Parecía que los contrarios practicaban boxeo de sombra o que braceaban en el vacío. Y no solo eso. En plena tormenta, Nicolino se agarraba a su víctima y miraba al público de las primeras filas o a los fotógrafos y les hablaba: “¿Y yo? ¿Cuándo pego yo?”. Los abucheos devinieron ovaciones a medida que los espectadores comprendieron que no era un payaso. O que era un payaso genial. El Chaplin del ring, le llamaron.

Así nació el apodo

César Luis Menotti le confesó una vez al cronista que su mayor alegría como futbolista fue salir en la portada de El Gráfico. La historia del deporte en América no se entendería sin esta cabecera, primero semanal y luego mensual. Estuvo en los quioscos del 1919 al 2018, cuando renació como publicación digital. Niccolino Locche apareció veinte veces en su portada. Un redactor de la revista le puso el apodo por la desesperación de un rival, Sebastião Nascimento: “¡Este tío es intocable!”.

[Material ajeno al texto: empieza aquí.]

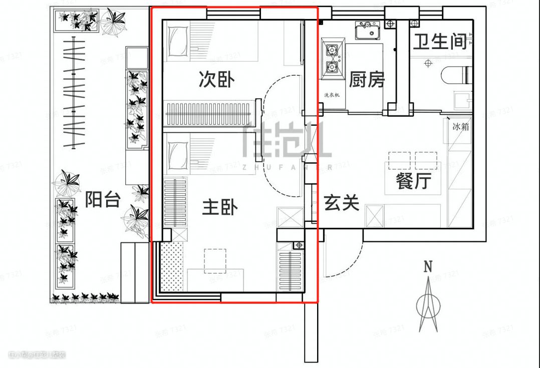 下面的卧室布局,是一个套内不到40㎡的小一居,卧室占了超过1/3的面积。

Encadenó una victoria tras otra. Argentina se paralizaba cada vez que actuaba. Porque él actuaba, no peleaba. Le preguntaban cómo había ido el combate y respondía: “¿Qué combate?”. Acababa los 15 asaltos (¡15!) y había espectadores más cansados que él. No parecía un titán: medía 1,68 metros, tenía una calvicie incipiente y estaba enganchado al tabaco (eran otros tiempos: bebía y llegó a encender un cigarrillo con la colilla de otro).

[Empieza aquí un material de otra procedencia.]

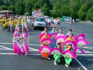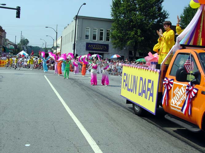 【明慧网2003年7月6日】美国各地7月4日庆祝独立日。乔治亚洲法轮功学员参加亚特兰大Marietta的庆祝独立日游行。中国古典的翩翩扇子舞,让美国人对中国传统文化赞叹不已。除了古典的仙女扇子舞,还有花车上的功法表演,小孩子自行车队,男女老少学员都有。法轮功学员一路走过,掌声不断,“Happy 4th of July”(独立日快乐), “Falun Dafa is Good”(法轮大法好) 此起彼伏。

Y eso fue. Un titán, un coloso, un artista. El palmarés de sus 136 peleas es increíble: 117 victorias, 14 por KO; cinco derrotas, una por KO; y 14 nulos. No todas las opiniones sobre él son unánimes. En su propio país, unos dicen que es uno de los mejores de la historia; otros, que no era un boxeador, sino un hombre espectáculo. Así opina por ejemplo, Adrián Dottori, autor de la biografía Nicolino Locche: la leyenda intocable.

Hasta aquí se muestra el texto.